EXERCISE DATA:
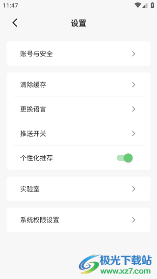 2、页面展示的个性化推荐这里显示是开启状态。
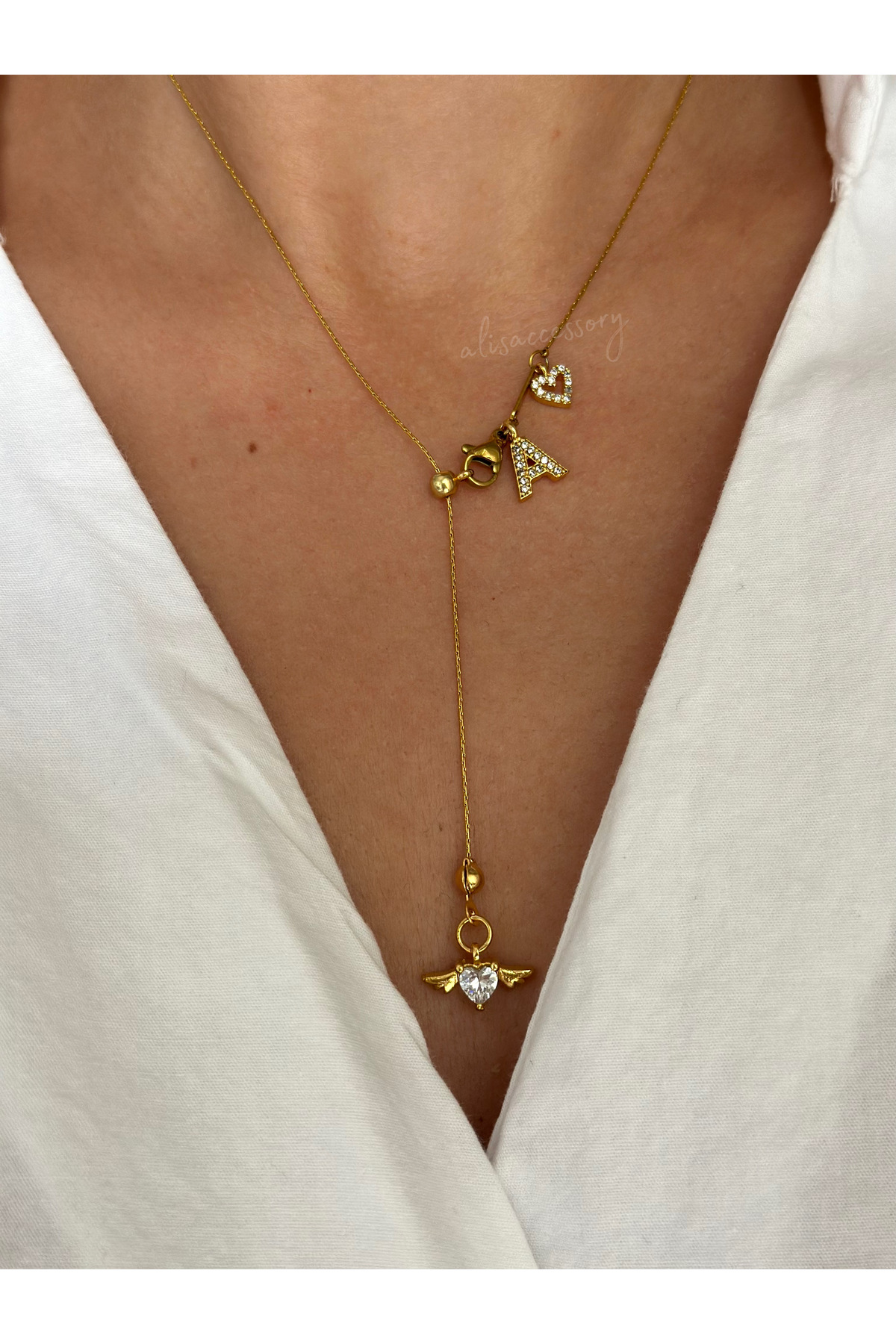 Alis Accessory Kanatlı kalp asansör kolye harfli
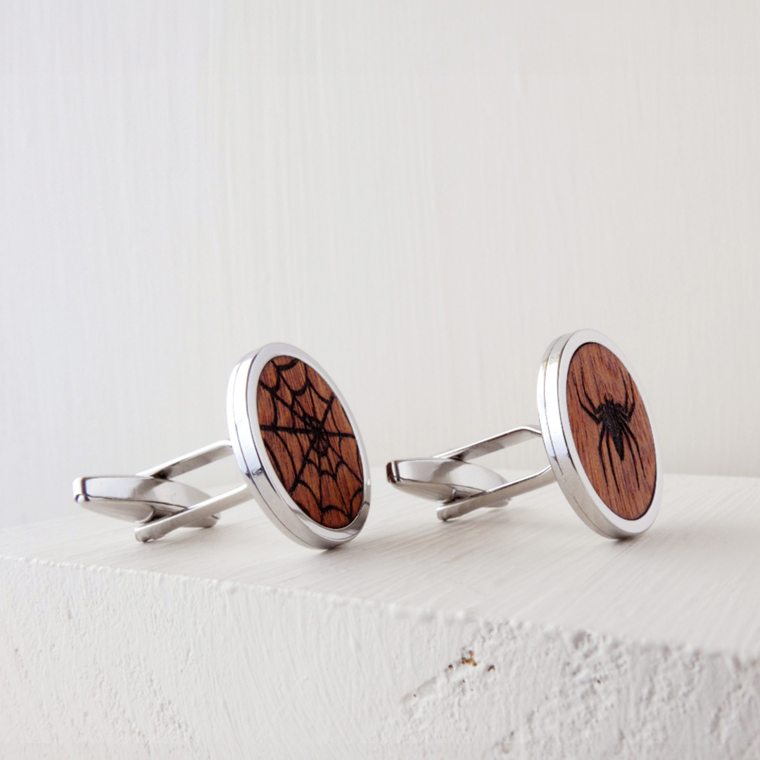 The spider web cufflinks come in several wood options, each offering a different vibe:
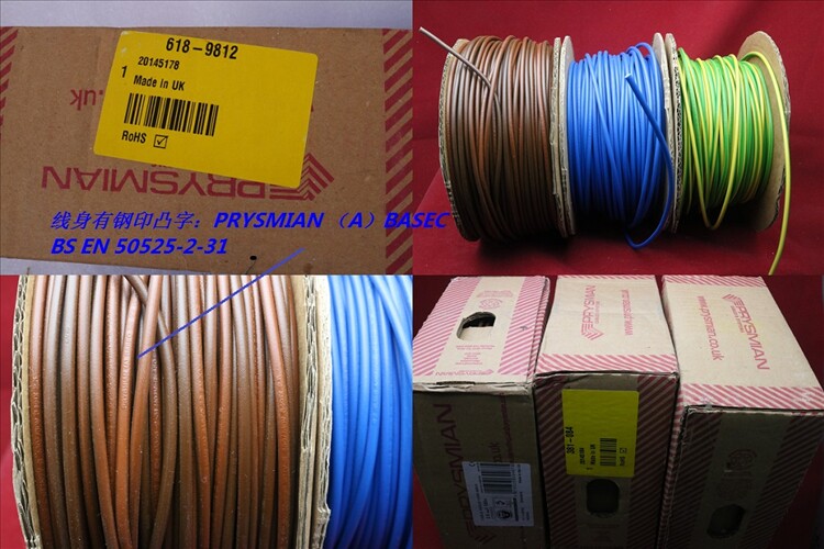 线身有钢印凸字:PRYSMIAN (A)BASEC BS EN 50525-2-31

* * *

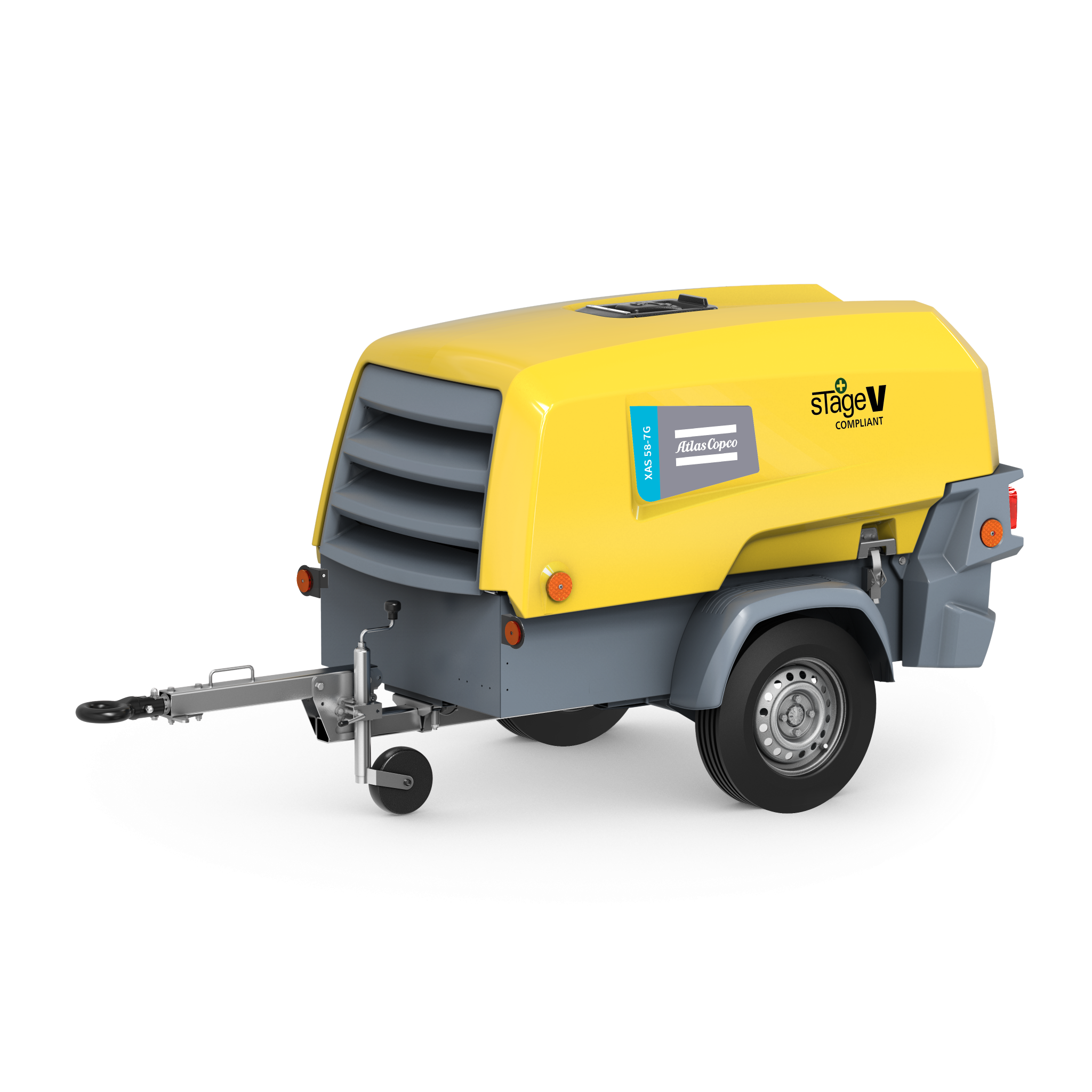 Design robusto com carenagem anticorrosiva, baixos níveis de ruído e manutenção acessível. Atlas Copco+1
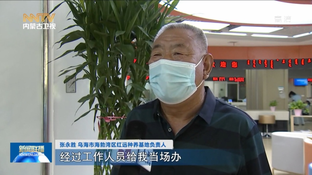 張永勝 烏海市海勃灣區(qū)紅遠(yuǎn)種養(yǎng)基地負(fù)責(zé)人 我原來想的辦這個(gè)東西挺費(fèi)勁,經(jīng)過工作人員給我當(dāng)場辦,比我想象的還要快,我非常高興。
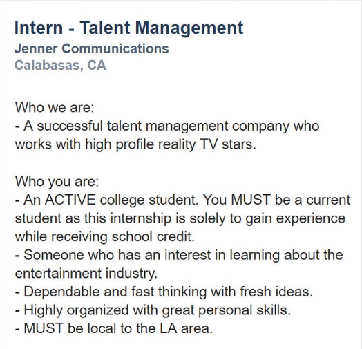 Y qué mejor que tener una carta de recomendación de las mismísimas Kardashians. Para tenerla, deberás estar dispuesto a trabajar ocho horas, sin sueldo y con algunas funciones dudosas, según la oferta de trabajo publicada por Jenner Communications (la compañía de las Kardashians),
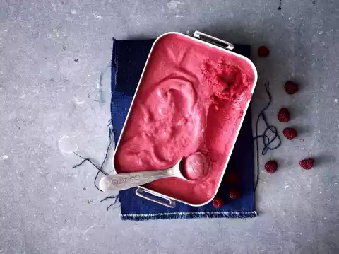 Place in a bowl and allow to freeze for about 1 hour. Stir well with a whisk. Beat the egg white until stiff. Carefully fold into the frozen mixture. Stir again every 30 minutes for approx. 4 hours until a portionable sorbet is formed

WORK TO BE COMPLETED:
Repeat exactly the stretch of the listing above that starts with the line holding "Design robusto com" and finishes with the line holding "Place in a bowl", both included. Skip every picture.

SOLUTION TO THIS TASK:
 Design robusto com carenagem anticorrosiva, baixos níveis de ruído e manutenção acessível. Atlas Copco+1
 張永勝 烏海市海勃灣區(qū)紅遠(yuǎn)種養(yǎng)基地負(fù)責(zé)人 我原來想的辦這個(gè)東西挺費(fèi)勁,經(jīng)過工作人員給我當(dāng)場辦,比我想象的還要快,我非常高興。
 Y qué mejor que tener una carta de recomendación de las mismísimas Kardashians. Para tenerla, deberás estar dispuesto a trabajar ocho horas, sin sueldo y con algunas funciones dudosas, según la oferta de trabajo publicada por Jenner Communications (la compañía de las Kardashians),
 Place in a bowl and allow to freeze for about 1 hour. Stir well with a whisk. Beat the egg white until stiff. Carefully fold into the frozen mixture. Stir again every 30 minutes for approx. 4 hours until a portionable sorbet is formed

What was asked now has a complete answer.